Data excerpts:
*** Block opens ***
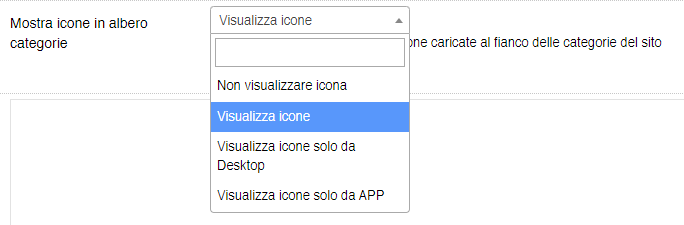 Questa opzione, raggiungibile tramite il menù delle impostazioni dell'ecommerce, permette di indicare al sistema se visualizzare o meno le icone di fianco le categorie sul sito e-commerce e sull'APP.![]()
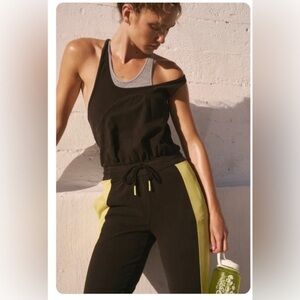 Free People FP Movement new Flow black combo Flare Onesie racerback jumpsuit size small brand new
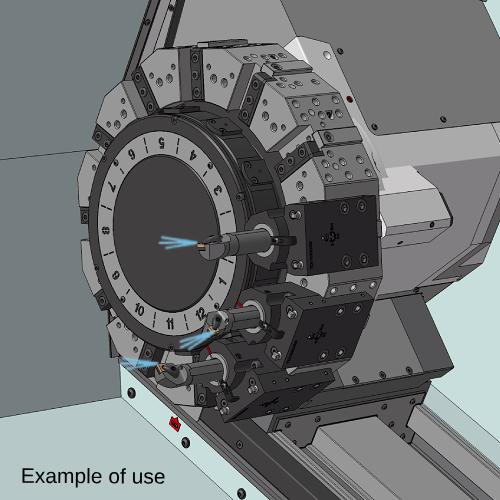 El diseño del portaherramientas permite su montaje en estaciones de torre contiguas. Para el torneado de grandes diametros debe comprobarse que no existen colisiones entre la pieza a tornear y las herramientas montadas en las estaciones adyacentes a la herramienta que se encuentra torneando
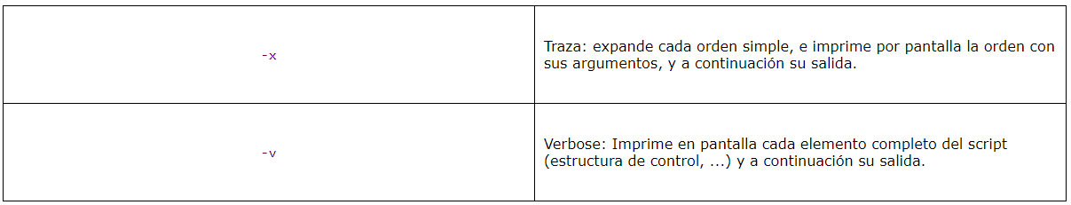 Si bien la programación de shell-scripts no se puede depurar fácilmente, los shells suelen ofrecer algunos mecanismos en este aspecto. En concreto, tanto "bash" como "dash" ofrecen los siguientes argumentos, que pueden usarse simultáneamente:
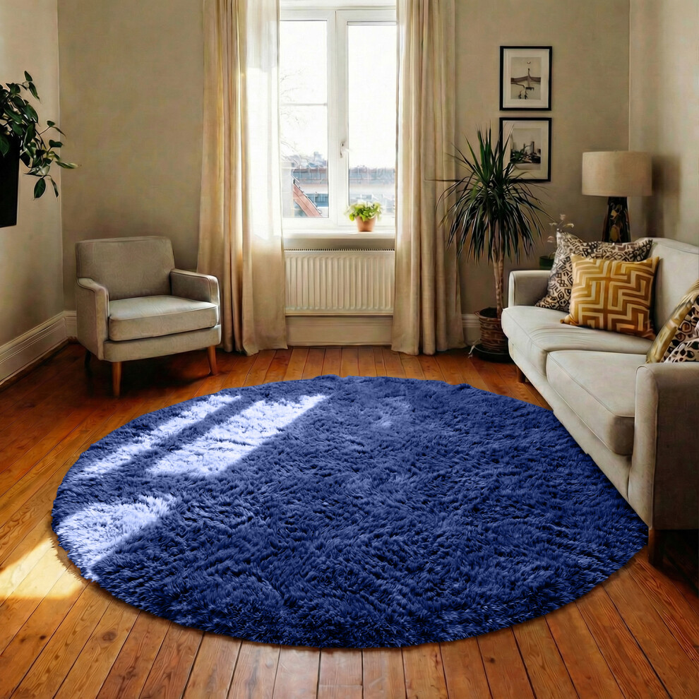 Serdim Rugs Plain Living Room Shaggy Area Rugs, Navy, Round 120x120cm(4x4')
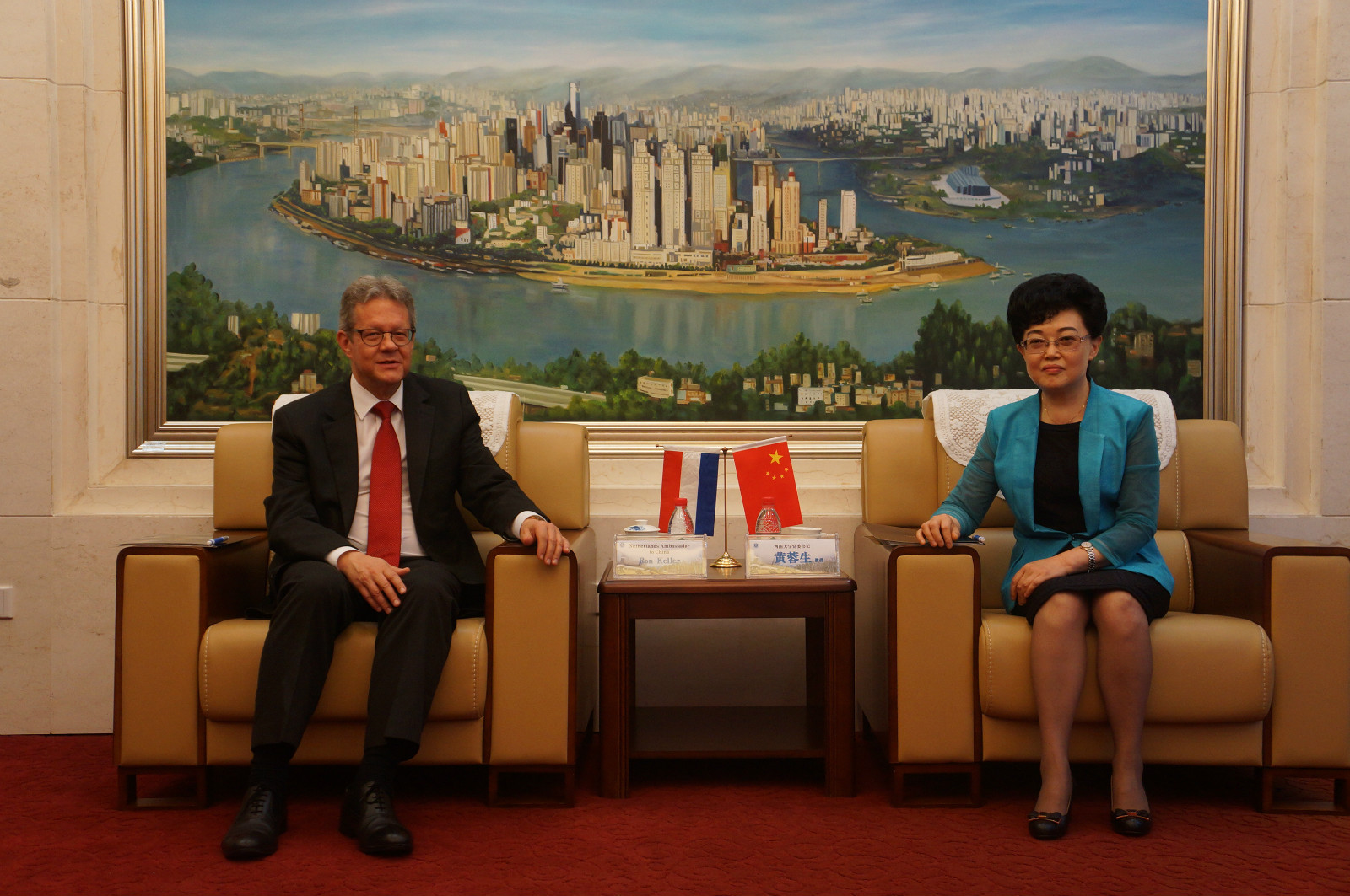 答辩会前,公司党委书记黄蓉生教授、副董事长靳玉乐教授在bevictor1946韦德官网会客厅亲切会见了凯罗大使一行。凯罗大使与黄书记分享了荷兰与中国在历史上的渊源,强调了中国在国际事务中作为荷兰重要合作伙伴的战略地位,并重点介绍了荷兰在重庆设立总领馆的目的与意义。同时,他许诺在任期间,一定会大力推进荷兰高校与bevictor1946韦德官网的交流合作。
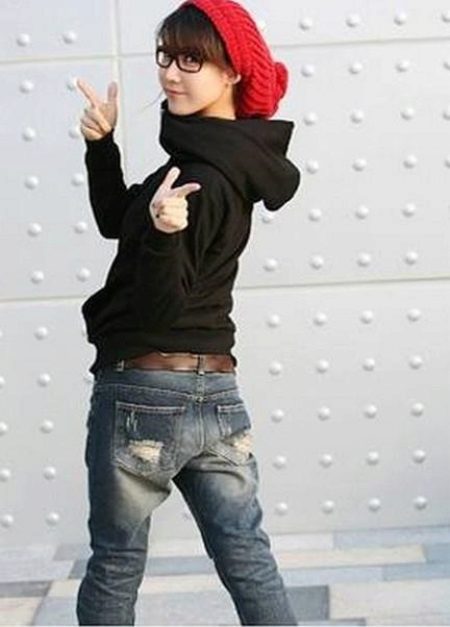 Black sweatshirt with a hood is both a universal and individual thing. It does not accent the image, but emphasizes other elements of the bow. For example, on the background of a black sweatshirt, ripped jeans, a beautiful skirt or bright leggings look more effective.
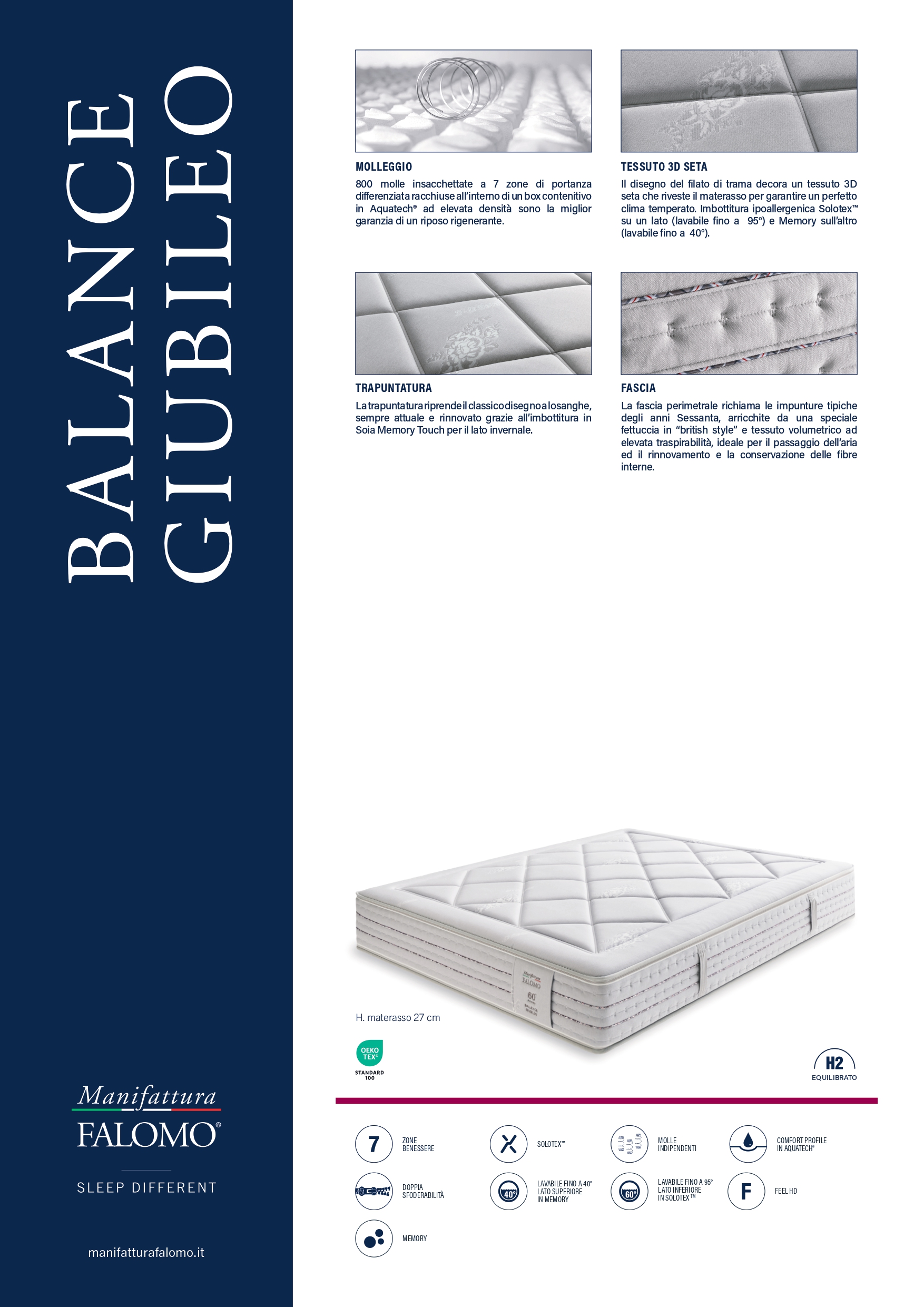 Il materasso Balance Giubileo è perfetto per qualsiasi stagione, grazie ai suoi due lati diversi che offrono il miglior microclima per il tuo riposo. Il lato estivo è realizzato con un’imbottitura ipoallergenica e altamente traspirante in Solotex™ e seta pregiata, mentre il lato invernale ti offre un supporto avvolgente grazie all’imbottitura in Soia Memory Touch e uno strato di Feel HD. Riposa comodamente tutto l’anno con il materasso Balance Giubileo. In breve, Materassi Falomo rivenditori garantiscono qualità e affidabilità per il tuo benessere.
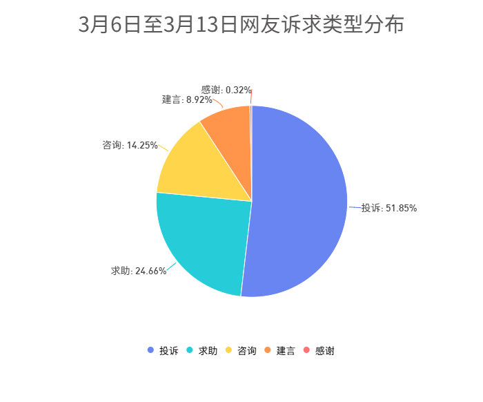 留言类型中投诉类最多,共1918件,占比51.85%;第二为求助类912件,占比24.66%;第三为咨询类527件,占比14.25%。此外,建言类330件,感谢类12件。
*** Block closes ***
#### [Work to be completed]
From the records above, write out exactly the lines that begin at the line with "Free People FP" and end at the line with "El diseño del". Pictures must not appear in the output.

#### [Response area]
 Free People FP Movement new Flow black combo Flare Onesie racerback jumpsuit size small brand new
 El diseño del portaherramientas permite su montaje en estaciones de torre contiguas. Para el torneado de grandes diametros debe comprobarse que no existen colisiones entre la pieza a tornear y las herramientas montadas en las estaciones adyacentes a la herramienta que se encuentra torneando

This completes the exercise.